China is to be formally designated a “threat” to Britain in a hasty rewrite of Boris Johnson’s defence and foreign policy that is being brought forward to end confusion among ministers about how to deal with Beijing.
Under Johnson, China had been categorised as a “systemic competitor” but the new prime minister, Liz Truss, wants to take a more hawkish stance quickly, as she seeks to shore up support for her faltering premiership on her backbenches.
The redesignation will bring the UK’s official position towards China close to its stance on Russia, currently classed as “the most acute threat” facing the UK. But it is almost certain to provoke a hostile reaction from Beijing.
It had been intended to complete the policy rewrite at the end of the year, but sources said a special China strategy review was now being brought forward after the Department for Education was forced into a climbdown by No 10 over the weekend after expressing support for China’s Confucius Institutes. One insider said the change could come “within days”.
Influential Conservative backbenchers on Tuesday night welcomed the anticipated move.
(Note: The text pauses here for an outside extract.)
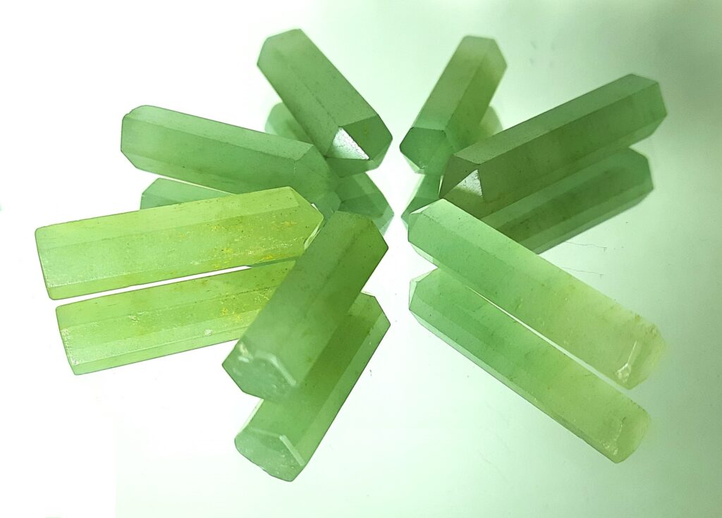Aventurine, a type of quartzite is a translucent stone that displays characteristic metallic glitter called aventurescence (shimmering or glistening) due to mineral platelets (mica) oriented within the stone. The color varies from green to orange, brown, yellow, blue, or grey. Green and blue-green aventurine is found in India while other types are found in Chile, Spain and Russia. The stone is carved into beads and figurines, while fine quality material is carved into cabochons. Green aventurine brings about emotional healing, lets go of bad memories and promotes inner harmony. It also promotes love, compassion, and forgiveness, and thereby enhances relationships. Yellow aventurine is believed to boost confidence, creativity, and optimism. It is also known to promote prosperity and calmness.

Iain Duncan Smith, who is campaigning to be chair of the foreign affairs select committee, said a hardening of the UK’s China policy was long overdue.
“It is time we stopped messing around and recognised that China poses a threat to the way we live our lives, and it is time now to treat them in the same way we treat Russia,” the former party leader said.
The DfE had issued a statement expressing support for China’s 30 Confucius Institutes, which promote the teaching of Chinese language and culture in the UK – only for Downing St to demand it made a firmer response.
The revised statement said the “UK government is committed to doing more to adapt to China’s growing impact” and encouraged anybody with concerns about any of the Confucius Institute’s activities to report them.
A report by the Henry Jackson Society thinktank had concluded most of the institutes were engaged in activities beyond their formal remit, including political lobbying and expanding China’s reach into advanced manufacturing.
Truss has adopted a hawkish stance on China for some time – at one point leading opposition within the cabinet to TikTok moving its global headquarters to London – but her predecessor in Downing St was insistent on a more nuanced approach.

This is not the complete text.